In December 1851, in homage to Norbert Burgmüller, a Düsseldorf composer who had died tragically young, Schumann scored the unfinished scherzo of Burgmüller’s Second Symphony. But this was also the tenth anniversary—Schumann always registered such things—of the unsuccessful premiere in 1841 of his own D minor Symphony, and perhaps both these things took him back to the discarded work. Taking into account the particular needs (and weaknesses) of his Düsseldorf orchestra, and what he recalled of how the piece had sounded in 1841, he now worked on what he called its ‘reinstrumentation’. The result was the Fourth Symphony, Op 120. As well as making structural changes, he doubled the wind parts and added repeated notes for the strings, in order to ensure that some weight of sound, at least, materialized in performance. This paid off in Düsseldorf, though it would lead generations of critics to complain that Schumann did not know how to orchestrate. But nowhere else did he resort to such doubling of parts: neither in the Hermann und Dorothea overture, started just a week later, nor in the scoring of Burgmüller’s scherzo.
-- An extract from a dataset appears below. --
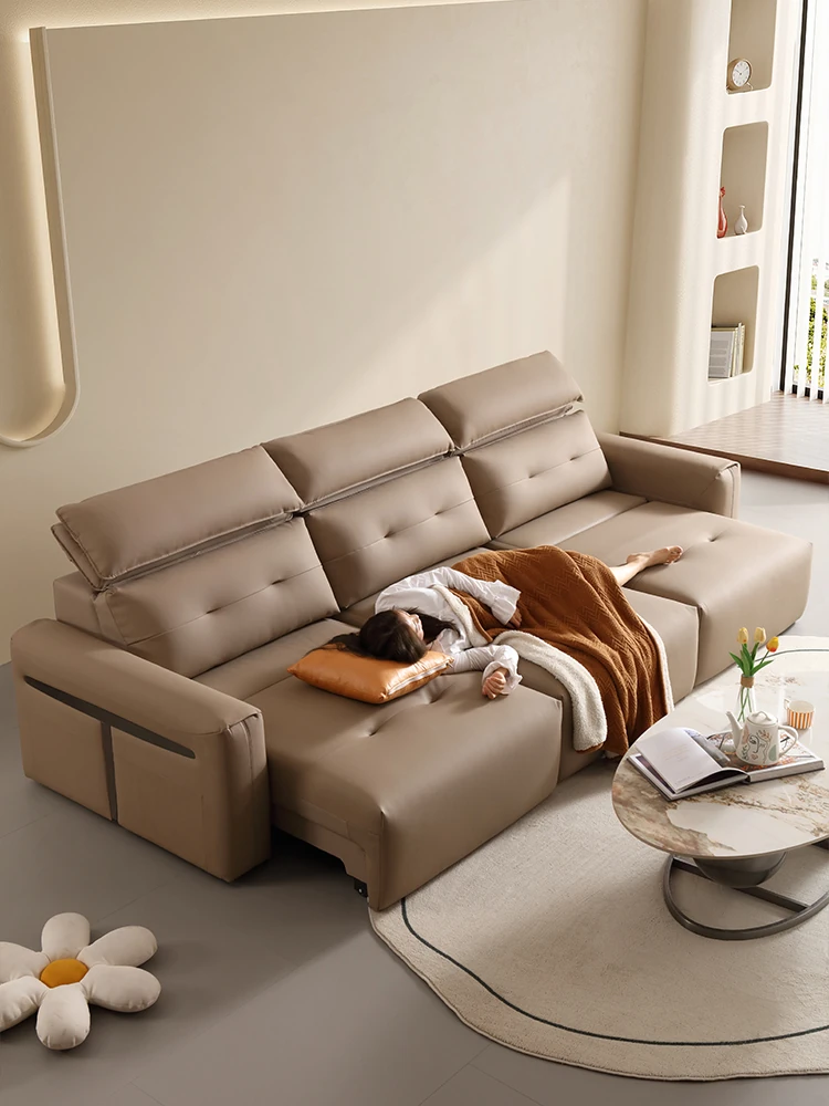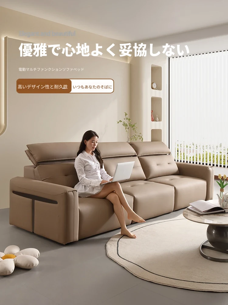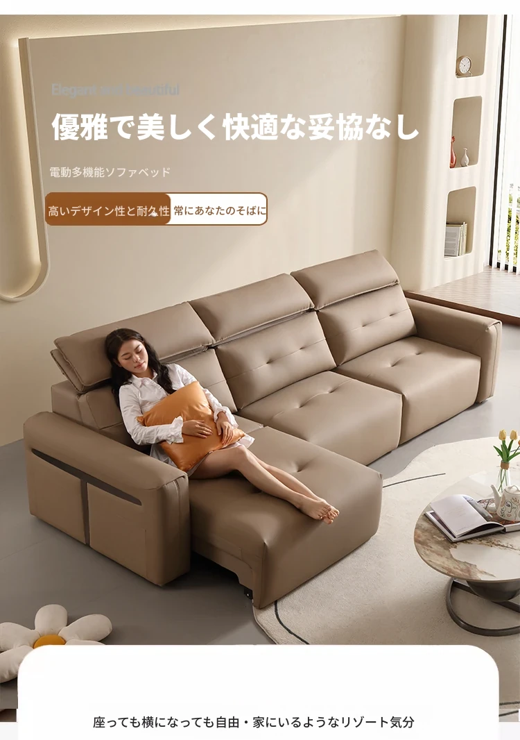 玉菲のイタリアン本革ソファ - モダンでシンプルなデザイン、コンパクトなサイズにぴったり!多機能の伸縮式レザーソファベッドで、リビングをスタイリッシュに演出。快適さと機能性を兼ね備えた一品です!

He obviously wanted the symphony to have a special weight. It was premiered on 3 March 1853, another recompense to Düsseldorf for his growing weakness as a conductor. In fact, fatal illness was overtaking Schumann: early in 1854 he would develop hearing problems, suffer terrifying fantasies, make a suicide attempt and demand admission to an asylum. He died in March 1856.

Commentators have complained that the complexity of Schumann’s partwriting was due to the fact that he was, in effect, writing piano music for orchestra. But the subtleties of the part-writing are an element of Schumann’s very characteristic orchestral sound, as the leaner performances of the last 30 years have allowed us to hear. Characteristically, Schumann demanded that the musical world change to fit his new ideas; like all innovative composers, he did not modify his ideas to fit what his listeners expected. He certainly asked a great deal of the orchestra, but he was developing new sound worlds for each symphony, as is demonstrated by performances with an orchestra of the right size, ideally playing ‘Lebhaft’ (animatedly): Schumann assigns that favourite direction to two movements in the Third Symphony and three out of four in the Fourth. If the First Symphony blazes and sparkles with joy and the Second finds its way carefully through to the safe haven of its final movement, the Third moves with huge ease and assurance to a resonant and joyful conclusion. The Fourth had always been radical in the way each movement followed the next attacca, with barely a pause, and in the minute-and-a-half-long, shimmering and horn-call-filled transition to the finale. It now became magnificent, with minor-key climaxes similar to those Schumann would use in his Violin Concerto and late overtures; it acquired, at last, the heft he wanted. In its 1841 version it had been translucent, Mendelssohnian and just a little incoherent; in its 1851 version, it became the radical, soaring, disturbing and exhilarating symphony Schumann had always wanted to compose.